Stored data
------------
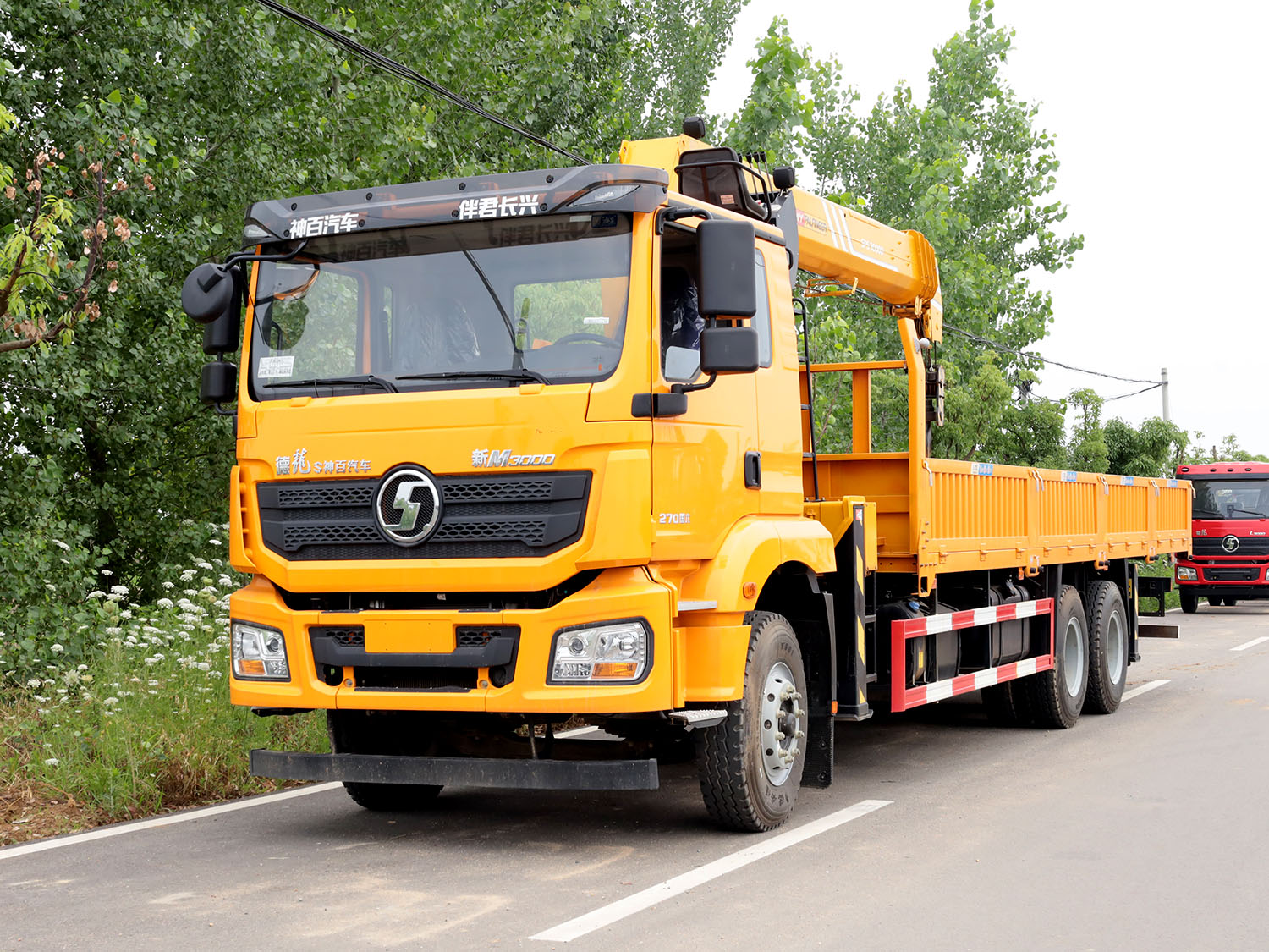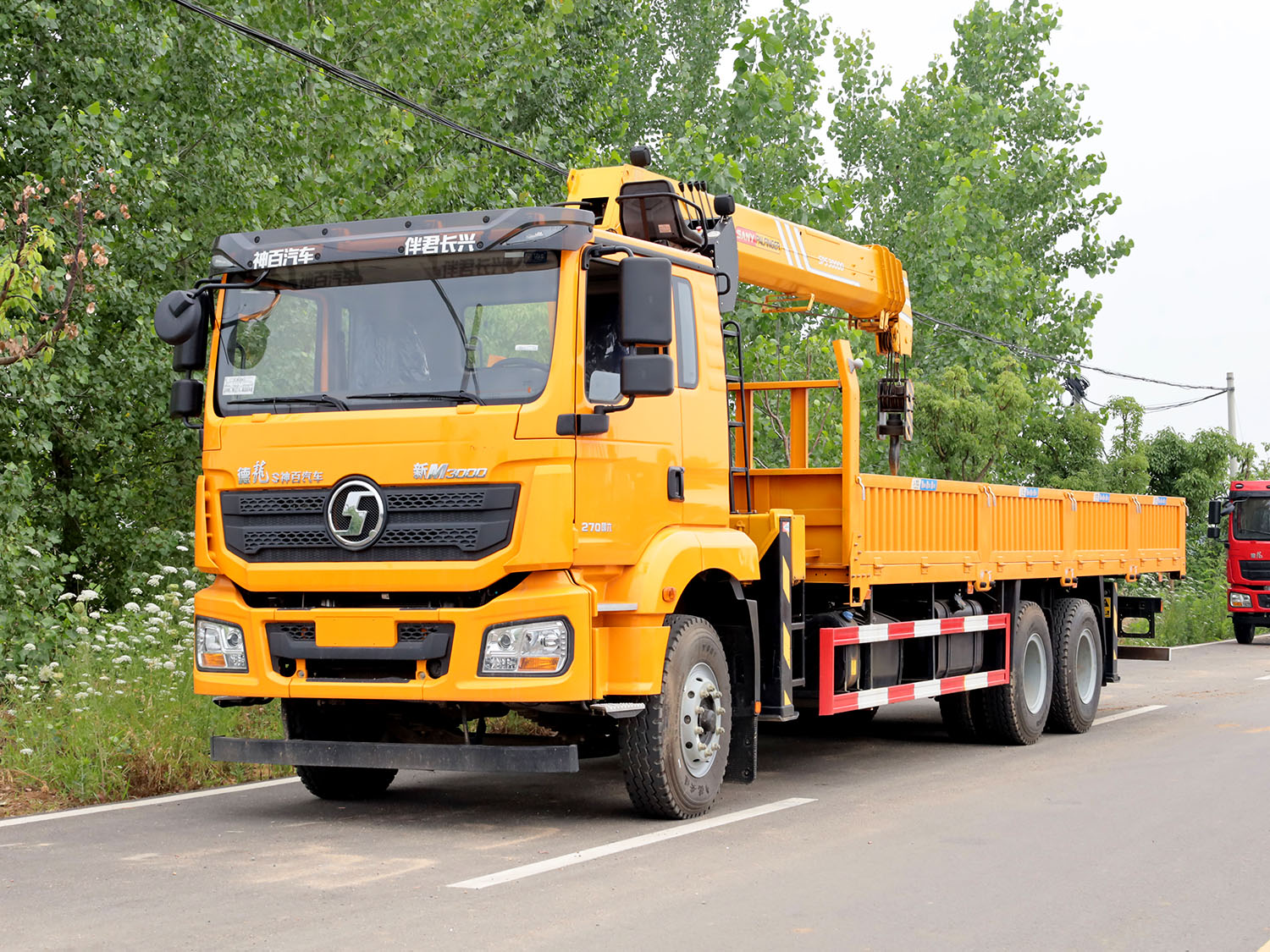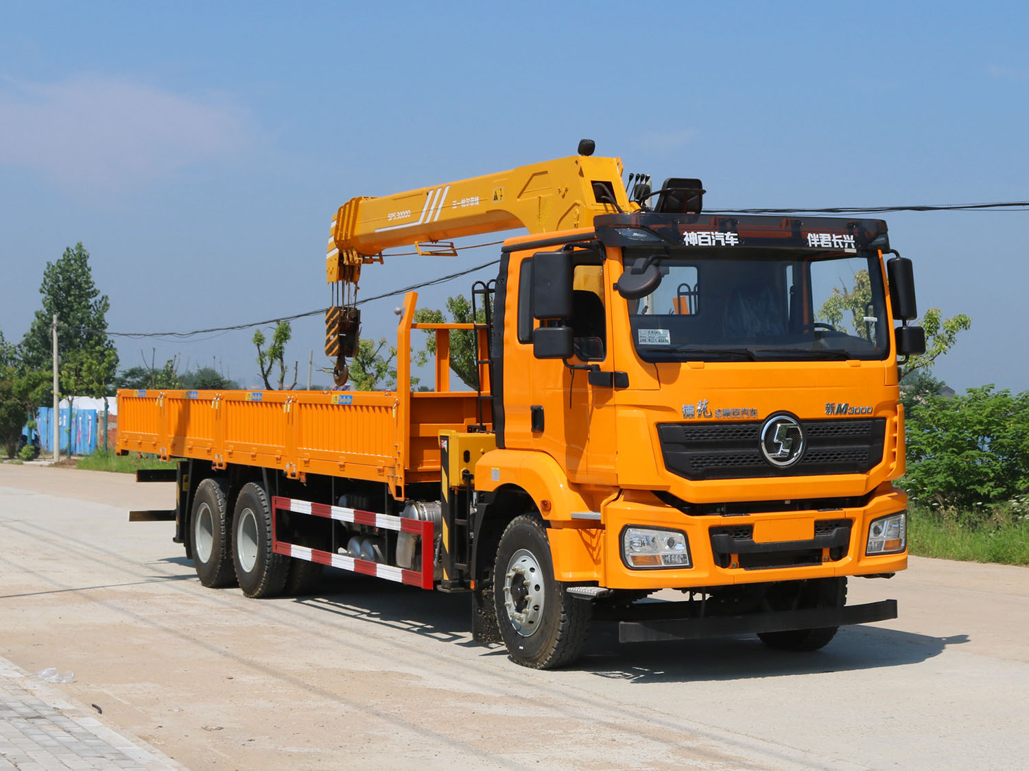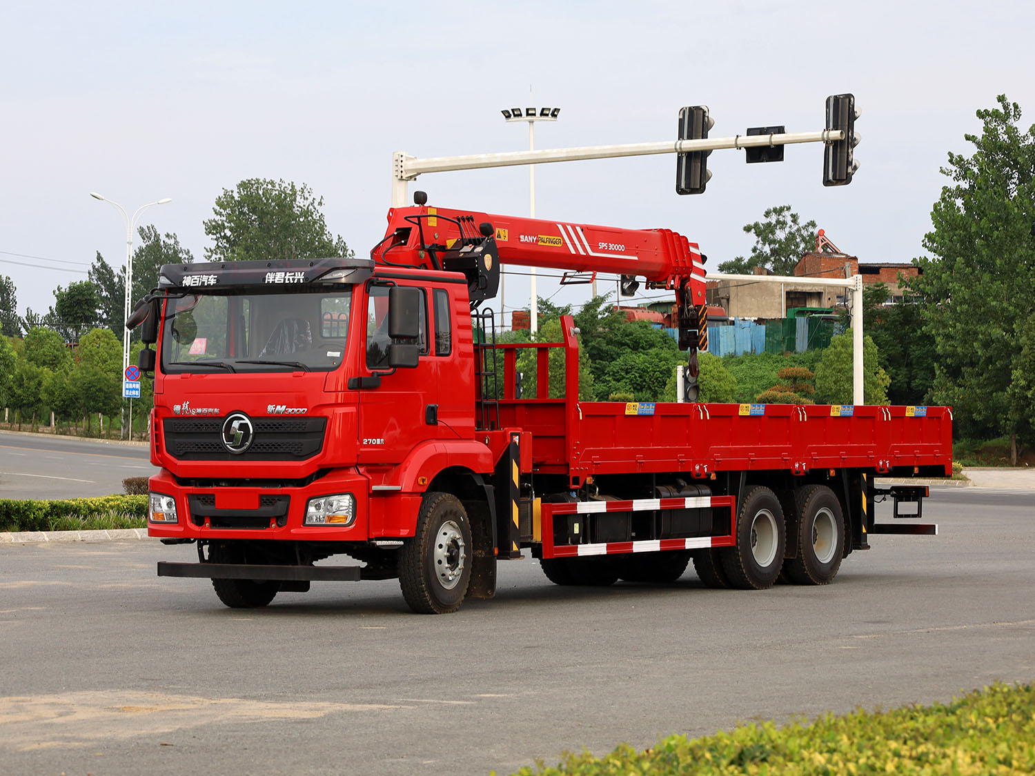 陜汽德龍新M3000后雙橋上裝三一12噸直臂式吊機(jī)
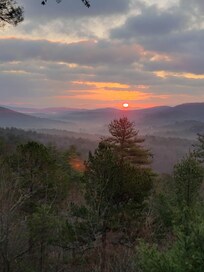 Wow is all we can say about this fantastic cabin. The views are far bwtter than can be captured by the pictures and the cabin itself ia huge, very nice yet cozy, and contains evwrything needed for a a week long vacation. When we arrived it was very clean and check in/ check out instructions were clear and easy. Just my husband, toddler, and I went, but enjoyed the huge space and wished our families could have joined us siince there is so much room and the bottom floor ia a kids dream with huge bunk beds and a game room. A bonus was the gas stove, my husband enjoyed using it everyday, and the jet spa tub. The firepit on the porch was another favorite feature and we spent a lot of time by it, especially on a rainy day when we bundled up by it and roasted marshmallows. The beds and pillows were very comfortable, no complaints there either! The only heads up we would give is the drive way up to the cabin is very vwry steep and winding. For us Florida folk it was a little nerve-wracking going up and down it but i guess there is a price to be paid for a million dollar view! Just keep that in mind if you don't like narrow, winding mountain roads, and also, if you have small kids, there is a small fenced in yard downstairs but it is very sloped so there really isnt much of a yard for kids to run in as the cabin is perched on a mountain with steep slopes to all sides. 10/10 would recommend this cabin though!
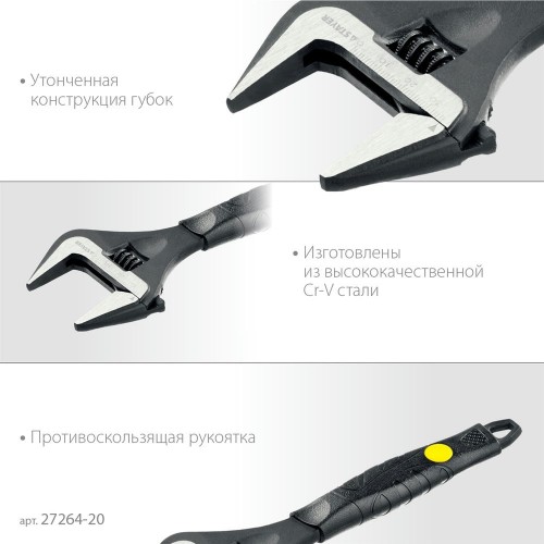 Ключ разводной STAYER 27264-20, применяется для монтажа и демонтажа крепежных элементов, имеющих шестигранный профиль. Ключ предназначен для завинчивания гаек, болтов и других деталей, изготовлен из высококачественной хромованадиевой стали, снабжен миллиметровой измерительной шкалой и фосфатированным покрытием, а благодаря наличию тонких губок, инструмент удобен для выполнения работ в труднодоступных местах.
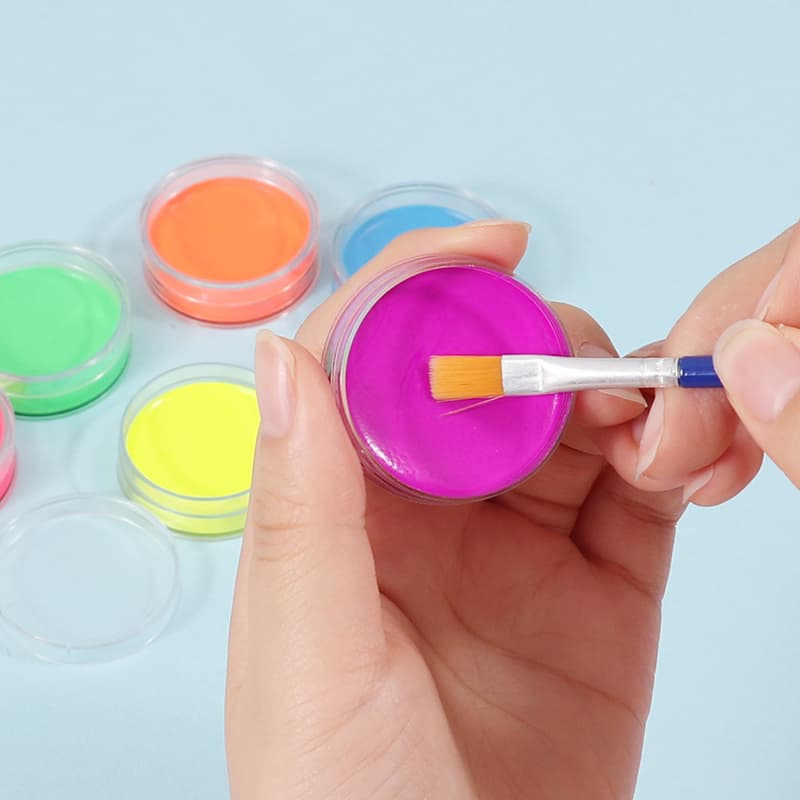 Nosso Tinta facial neon atóxica de 6 cores para crianças—a mistura perfeita de diversão vibrante e segurança aprovada pelos pais, projetada para tornar cada ocasião mais brilhante e sem preocupações!
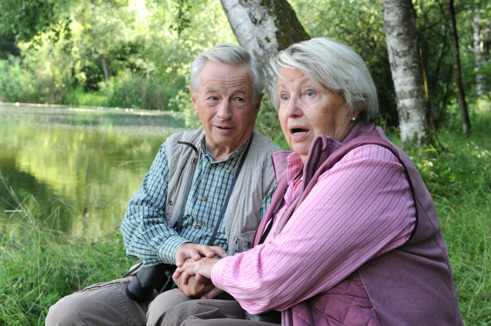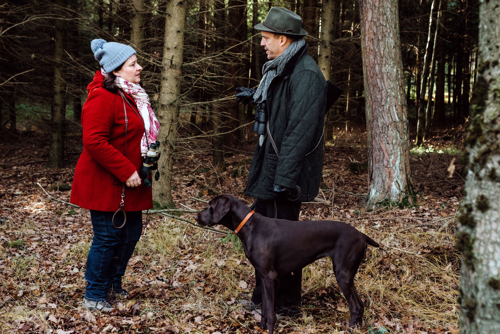 Wo ist Bruni?Moni ist erleichtert, dass Bruni wohl noch lebt – doch die Gefahr ist nicht gebannt. Von Links: Monika Vogl (Christine Reimer) und Förster Trapp (Andreas Bittl).Bild: © BR/Marco-Orlando Pichler
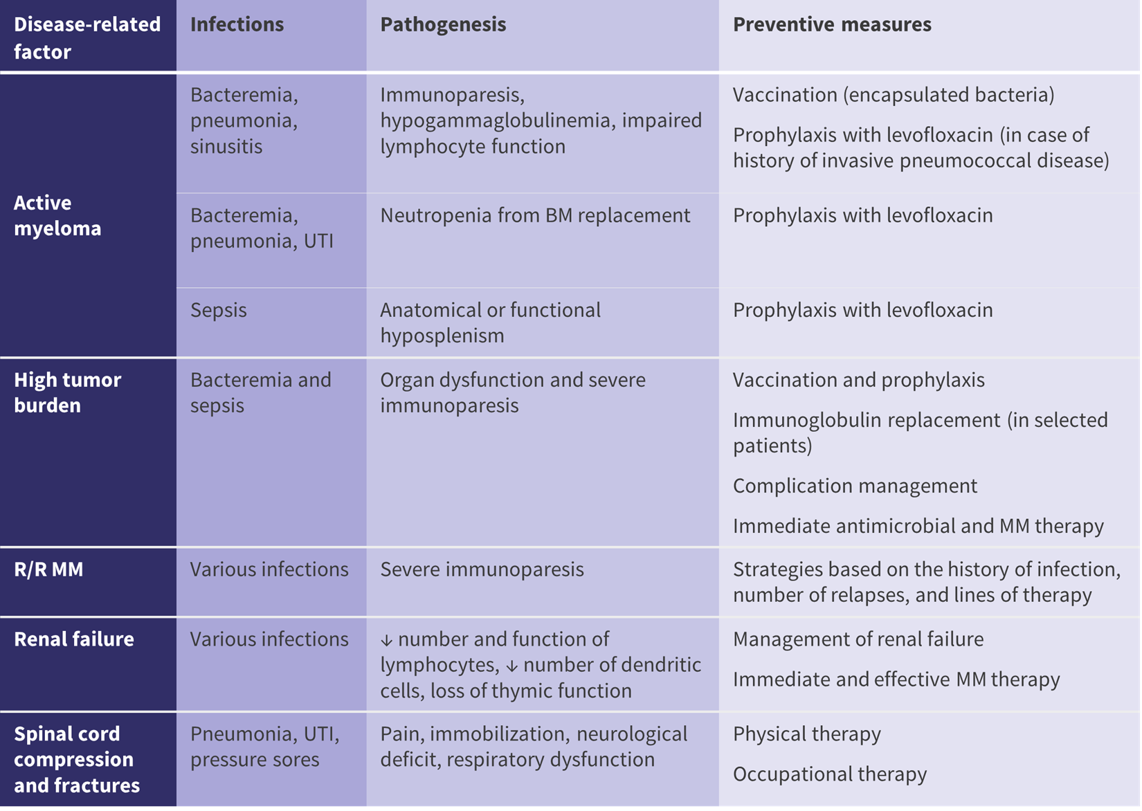 Patients with newly diagnosed MM are at high risk for infection, which may lead to premature death, even before induction therapy. Some patients are at greater risk for early and severe infection, including those with:
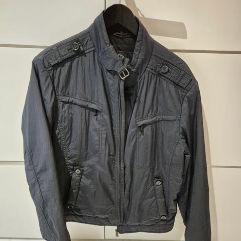 Kevyesti topattu miesten takki. Musta, punaiset raidat kauluksessa. Kiinnitys vetoketju + napit. 2 povitaskua. Vain vähän käytetty.
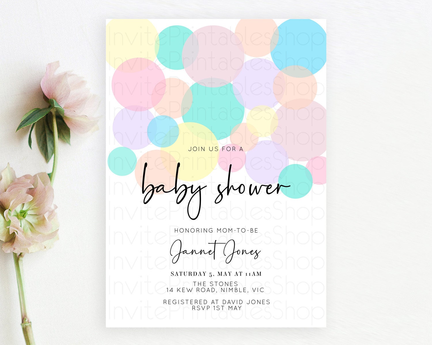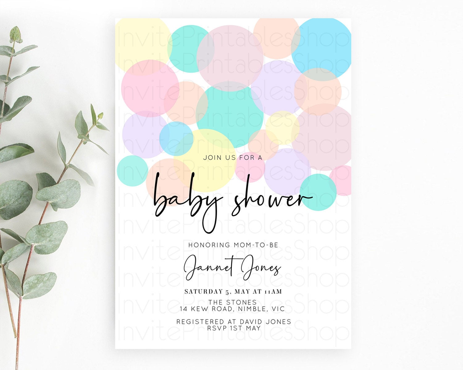 Pastel Rainbow Baby Shower Invitation Pastel Confetti Invitation Sprinkles Bubbles Invitation Colorful Rainbow Confetti Theme D10223
------------
• _PROBLEM STATEMENT_
Repeat the preceding records exactly but drop the images.

• _SOLVED EXERCISE_
 陜汽德龍新M3000后雙橋上裝三一12噸直臂式吊機(jī)
 Wow is all we can say about this fantastic cabin. The views are far bwtter than can be captured by the pictures and the cabin itself ia huge, very nice yet cozy, and contains evwrything needed for a a week long vacation. When we arrived it was very clean and check in/ check out instructions were clear and easy. Just my husband, toddler, and I went, but enjoyed the huge space and wished our families could have joined us siince there is so much room and the bottom floor ia a kids dream with huge bunk beds and a game room. A bonus was the gas stove, my husband enjoyed using it everyday, and the jet spa tub. The firepit on the porch was another favorite feature and we spent a lot of time by it, especially on a rainy day when we bundled up by it and roasted marshmallows. The beds and pillows were very comfortable, no complaints there either! The only heads up we would give is the drive way up to the cabin is very vwry steep and winding. For us Florida folk it was a little nerve-wracking going up and down it but i guess there is a price to be paid for a million dollar view! Just keep that in mind if you don't like narrow, winding mountain roads, and also, if you have small kids, there is a small fenced in yard downstairs but it is very sloped so there really isnt much of a yard for kids to run in as the cabin is perched on a mountain with steep slopes to all sides. 10/10 would recommend this cabin though!
 Ключ разводной STAYER 27264-20, применяется для монтажа и демонтажа крепежных элементов, имеющих шестигранный профиль. Ключ предназначен для завинчивания гаек, болтов и других деталей, изготовлен из высококачественной хромованадиевой стали, снабжен миллиметровой измерительной шкалой и фосфатированным покрытием, а благодаря наличию тонких губок, инструмент удобен для выполнения работ в труднодоступных местах.
 Nosso Tinta facial neon atóxica de 6 cores para crianças—a mistura perfeita de diversão vibrante e segurança aprovada pelos pais, projetada para tornar cada ocasião mais brilhante e sem preocupações!
 Wo ist Bruni?Moni ist erleichtert, dass Bruni wohl noch lebt – doch die Gefahr ist nicht gebannt. Von Links: Monika Vogl (Christine Reimer) und Förster Trapp (Andreas Bittl).Bild: © BR/Marco-Orlando Pichler
 Patients with newly diagnosed MM are at high risk for infection, which may lead to premature death, even before induction therapy. Some patients are at greater risk for early and severe infection, including those with:
 Kevyesti topattu miesten takki. Musta, punaiset raidat kauluksessa. Kiinnitys vetoketju + napit. 2 povitaskua. Vain vähän käytetty.
 Pastel Rainbow Baby Shower Invitation Pastel Confetti Invitation Sprinkles Bubbles Invitation Colorful Rainbow Confetti Theme D10223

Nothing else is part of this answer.